Graphormer→Transformer: A structurally-biased Transformer encoder with explicit centrality, spatial, and edge encodings.
Graphormer + Birdie→Transformer: The Graphormer model further trained with stochastic, corruption-based objectives (infilling, deshuffling, selective copying, standard copying) to improve robustness.
All models are trained with a combined cross-entropy and REINFORCE‐style validity loss, rewarding chemically valid outputs via RDKit validation.
Background and Motivation
Discovering novel drug‐like molecules traditionally requires expensive, manual exploration of vast chemical spaces.
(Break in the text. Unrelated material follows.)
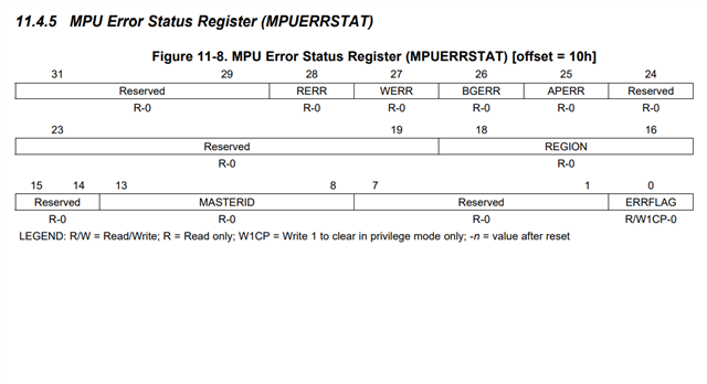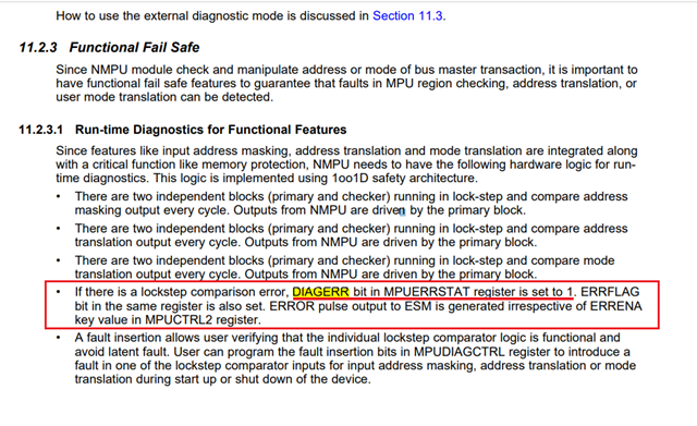 在NMPU章节描述中,提到在NMPU锁步比较错误时,可将MPUERRSTAT寄存器中DIAGERR置为1,但查询MPUERRSTAT寄存器描述后发现,该寄存器字段内无DIAGERR位描述。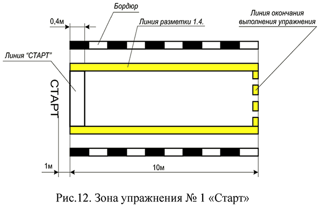 Перед началом выполнения упражнения автопоезд должен находиться у одной из линий "СТАРТ-ФИНИШ", расположенных в зоне выполнения испытательных упражнений.

Language‐modeling techniques applied to SMILES can generate syntactically valid strings but often miss underlying graph topology, producing chemically invalid compounds. Bridging this gap demands encoder–decoder architectures that respect molecular graphs’ structure while leveraging powerful sequence modeling.
Graph-Based Generative Models
Graph Neural Networks (GNNs) perform local message passing over nodes and edges, capturing atomic interactions but struggle with long-range dependencies and global structure (over‐smoothing). Graphormer extends Transformers to graphs by injecting:
Centrality encodings (node degrees)
Spatial encodings (shortest‐path distances)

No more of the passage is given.